### Task requirements
In your reply, repeat the full listing exactly and leave each picture out.

─── Exercise inputs ───

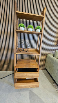 Key Design Features: Modular tall-profile silhouette featuring four open display galleries and integrated dual storage drawers.
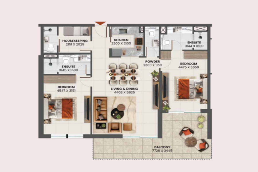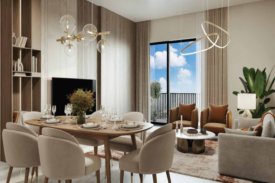 Wenn Sie diese atemberaubende Wohnung mit zwei Schlafzimmern und einem Arbeitszimmer in Sunvale by Grid Properties in Al Furjan, Dubai, betreten, werden Sie mit einem Gefühl von moderner Eleganz und Luxus begrüßt. Der offen gestaltete Wohnraum ist mit natürlichem Licht durchflutet und schafft eine warme und einladende Atmosphäre.
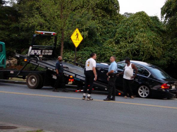 While playing softball down by the FDR memorial this evening, my team was a little shocked when we saw a park policeman not only issue a ticket to an illegally parked beemer, but bring in a tow truck. It wasn’t until the tow truck had scraped it’s bed underneath the beemer that a spandex-clad DC Council Member Vincent Gray came sauntering over to talk the cop out of taking his car away.
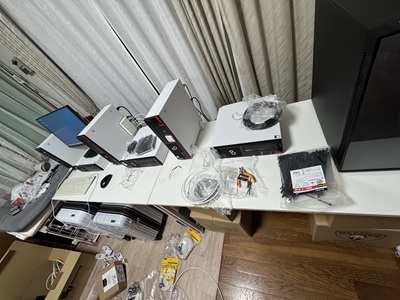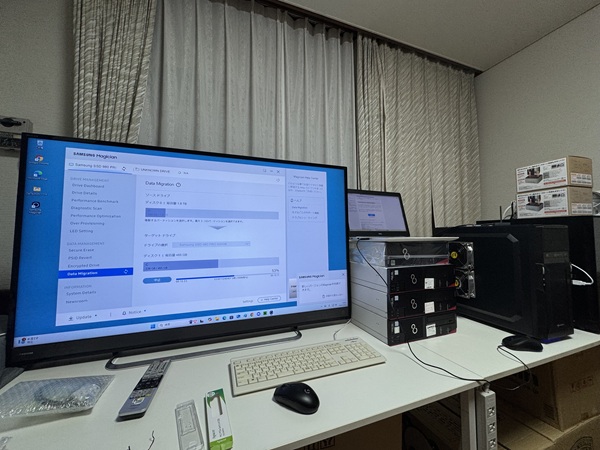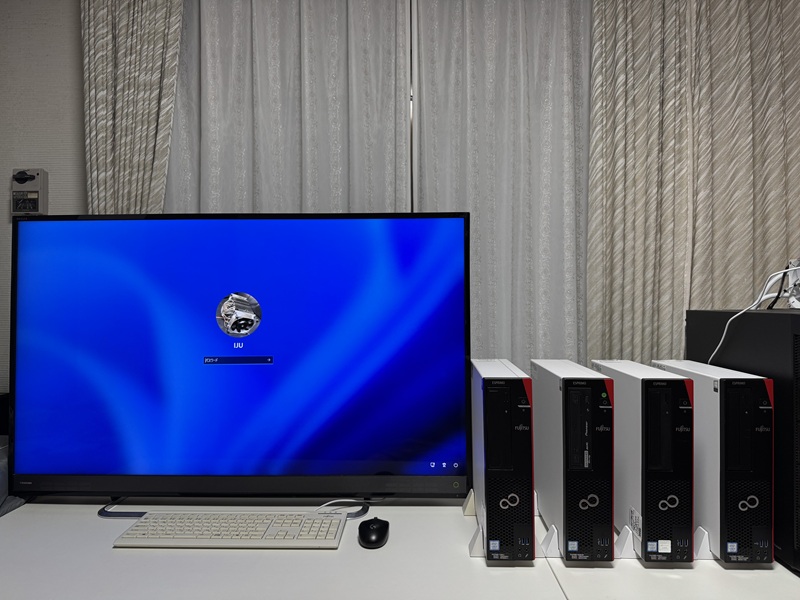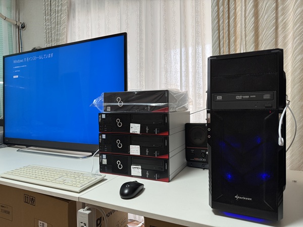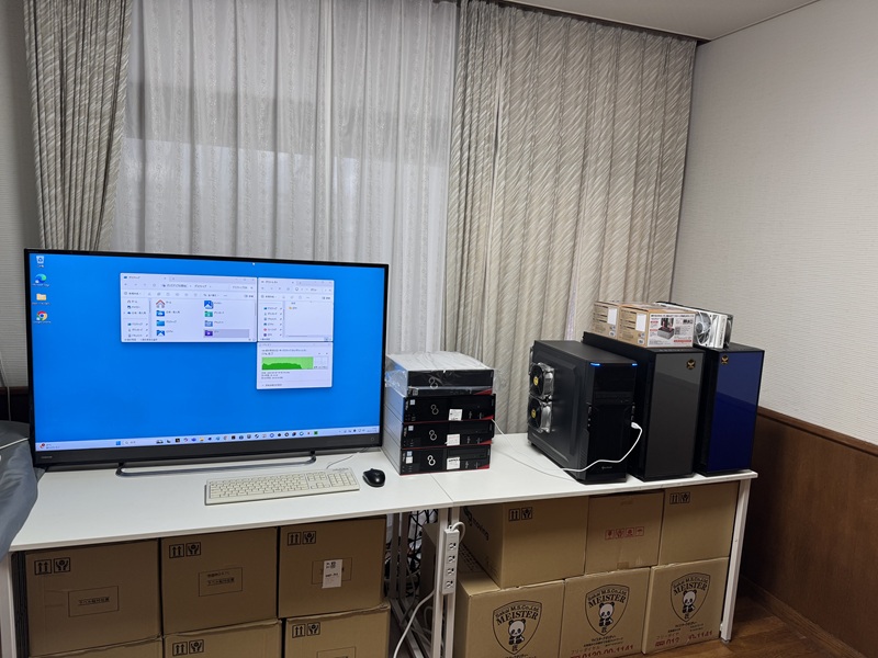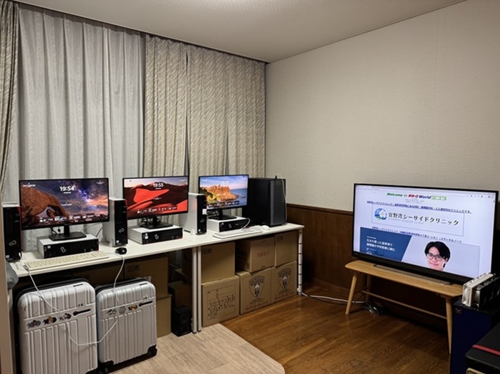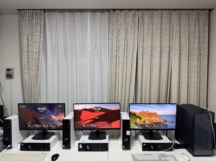 | スリムデスクトップPCを6台とミドルサイズPC1台を設置して大型モニターはサイドに移動です。 | 作業風景です。 | ||
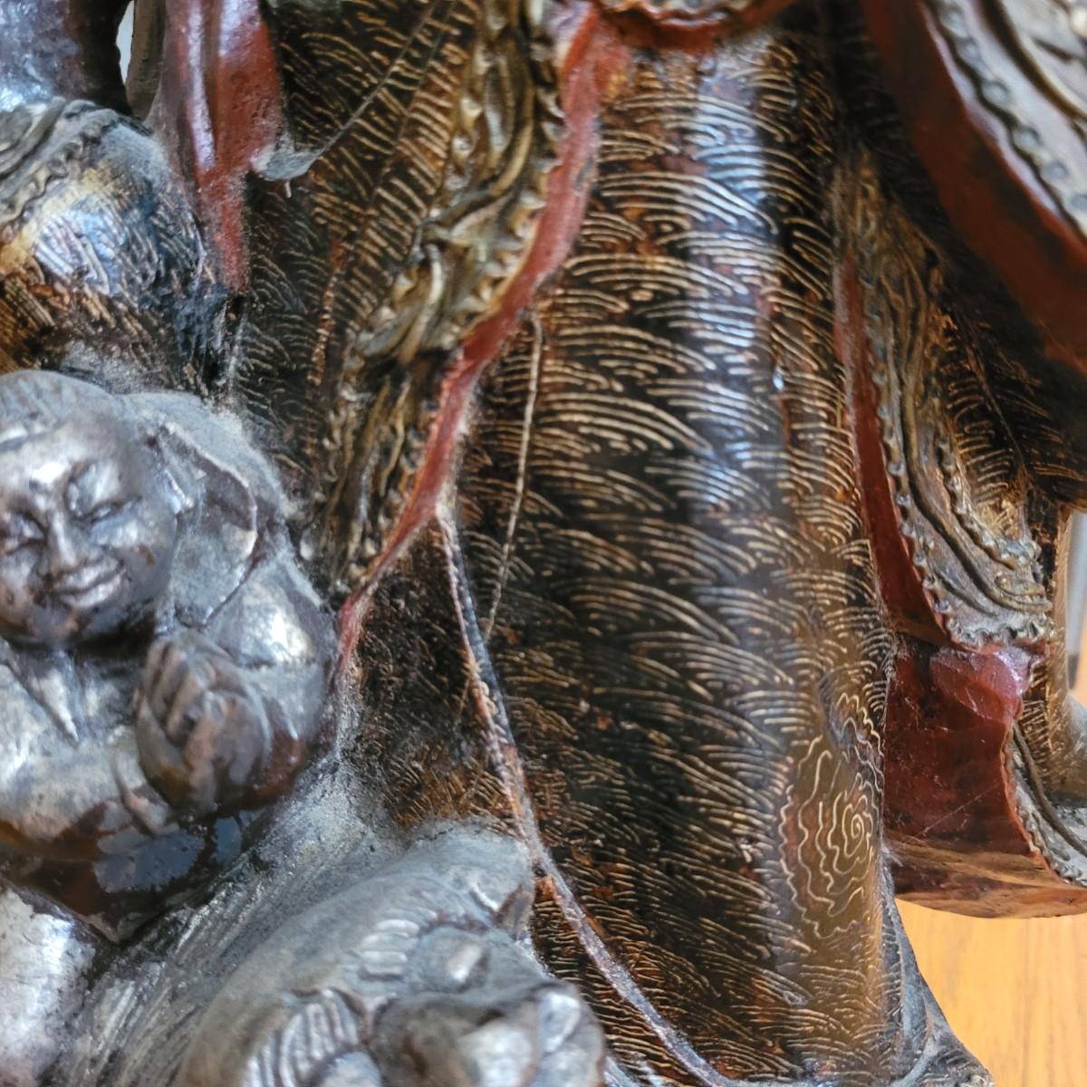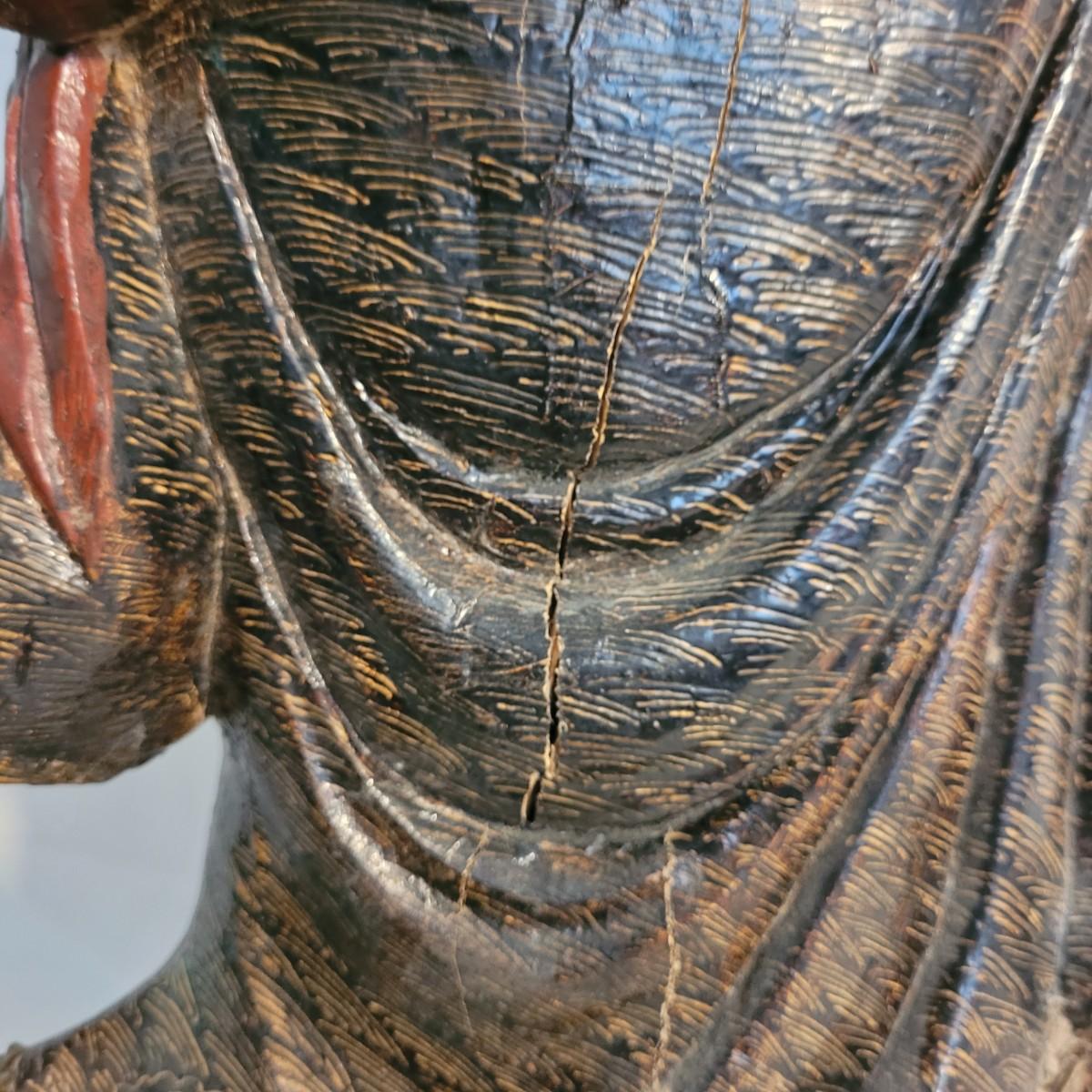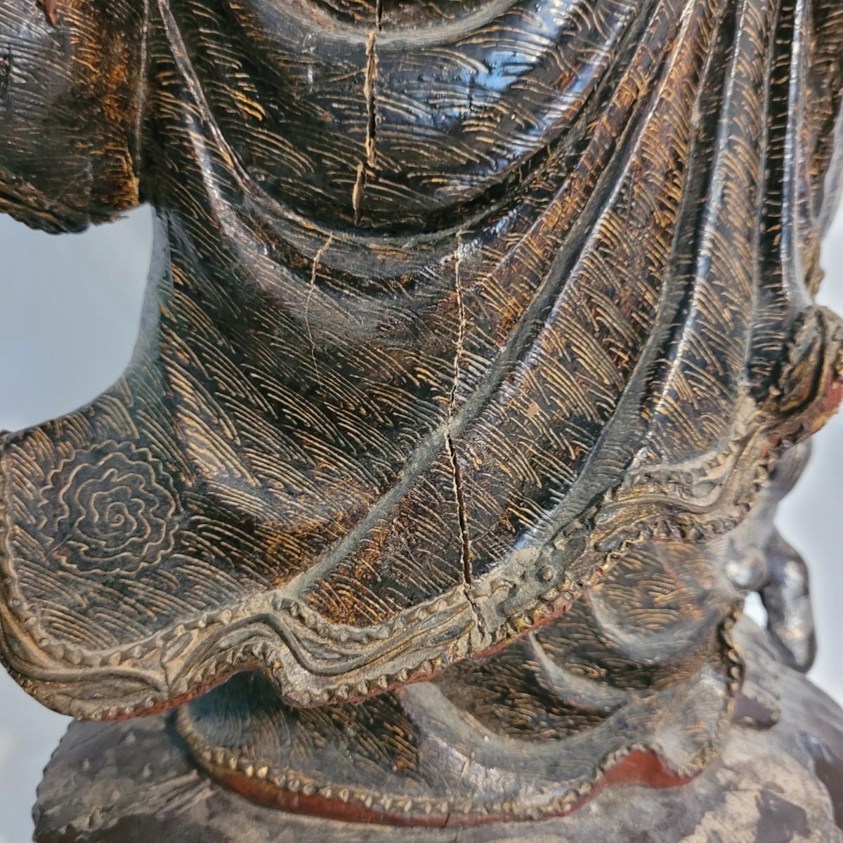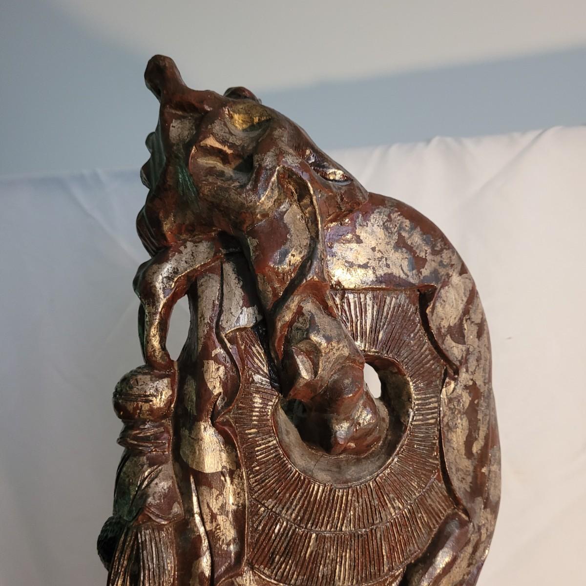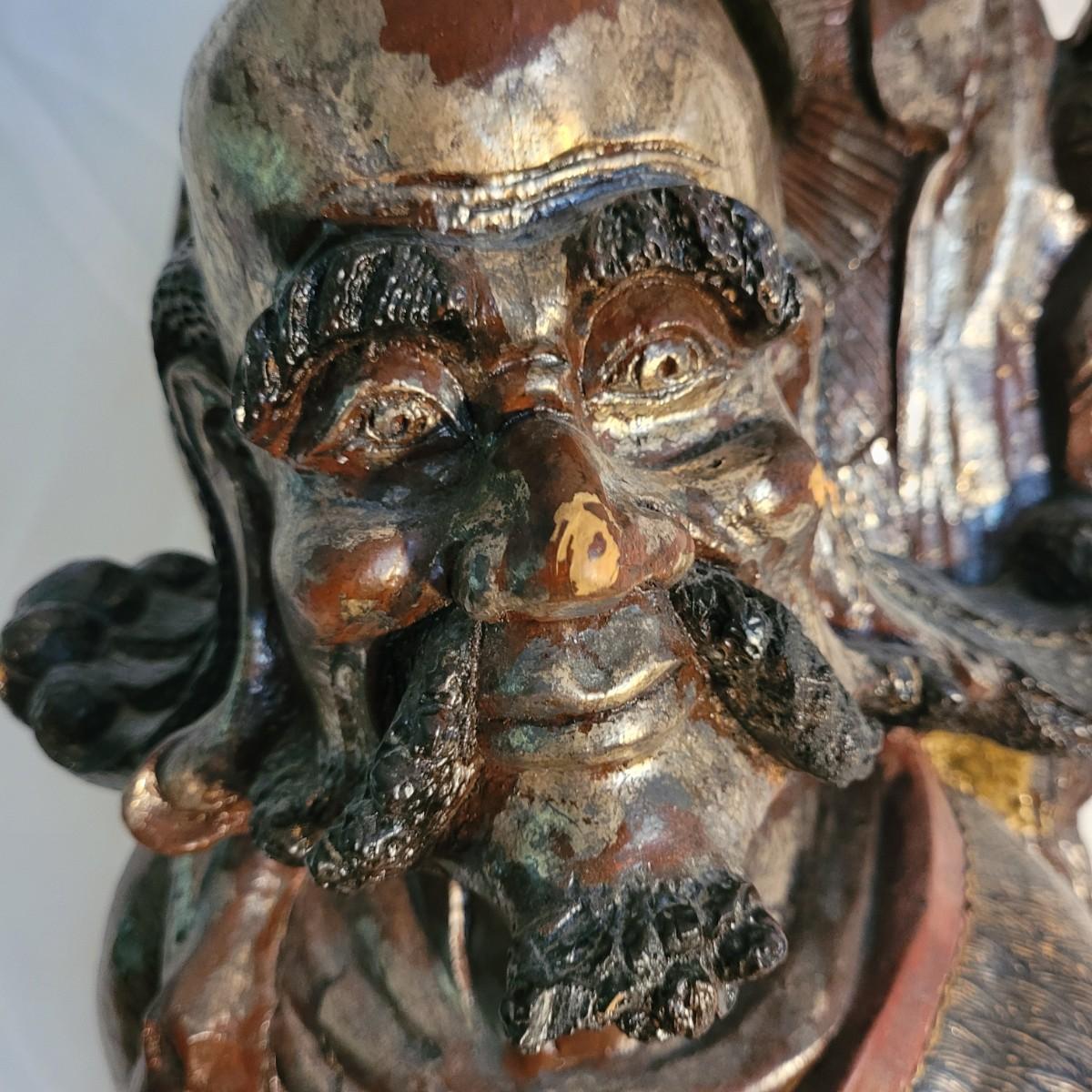 Large Asian solid wood carving statue of elderly man, with Foo dog at base. Some chipped paint throughout. Cracks in wood most prominent on lower back portion, especially at base (see close up photos of chipped areas and cracks). Overall good condition. Sturdy base. Moderately heavy due to solid wood material. Measures approximately 11"L x10"W x40.5"H. Shipping available.
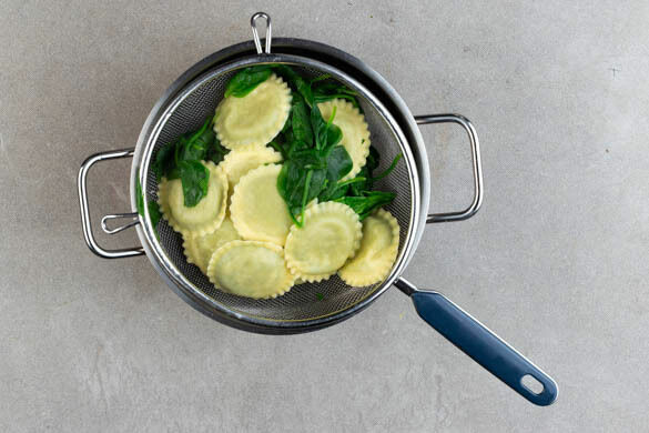 Die Pasta in das kochende Wasser geben und in ca. 3Min. bissfest kochen. Den Spinat in den Topf zu der Pasta geben und für die letzten ca. 30Sek. mitkochen. Die Pasta und den Spinat in ein Sieb abgießen und abtropfen lassen.

───

### Written solution
 Key Design Features: Modular tall-profile silhouette featuring four open display galleries and integrated dual storage drawers.
 Wenn Sie diese atemberaubende Wohnung mit zwei Schlafzimmern und einem Arbeitszimmer in Sunvale by Grid Properties in Al Furjan, Dubai, betreten, werden Sie mit einem Gefühl von moderner Eleganz und Luxus begrüßt. Der offen gestaltete Wohnraum ist mit natürlichem Licht durchflutet und schafft eine warme und einladende Atmosphäre.
 While playing softball down by the FDR memorial this evening, my team was a little shocked when we saw a park policeman not only issue a ticket to an illegally parked beemer, but bring in a tow truck. It wasn’t until the tow truck had scraped it’s bed underneath the beemer that a spandex-clad DC Council Member Vincent Gray came sauntering over to talk the cop out of taking his car away.
 | スリムデスクトップPCを6台とミドルサイズPC1台を設置して大型モニターはサイドに移動です。 | 作業風景です。 | ||
 Large Asian solid wood carving statue of elderly man, with Foo dog at base. Some chipped paint throughout. Cracks in wood most prominent on lower back portion, especially at base (see close up photos of chipped areas and cracks). Overall good condition. Sturdy base. Moderately heavy due to solid wood material. Measures approximately 11"L x10"W x40.5"H. Shipping available.
 Die Pasta in das kochende Wasser geben und in ca. 3Min. bissfest kochen. Den Spinat in den Topf zu der Pasta geben und für die letzten ca. 30Sek. mitkochen. Die Pasta und den Spinat in ein Sieb abgießen und abtropfen lassen.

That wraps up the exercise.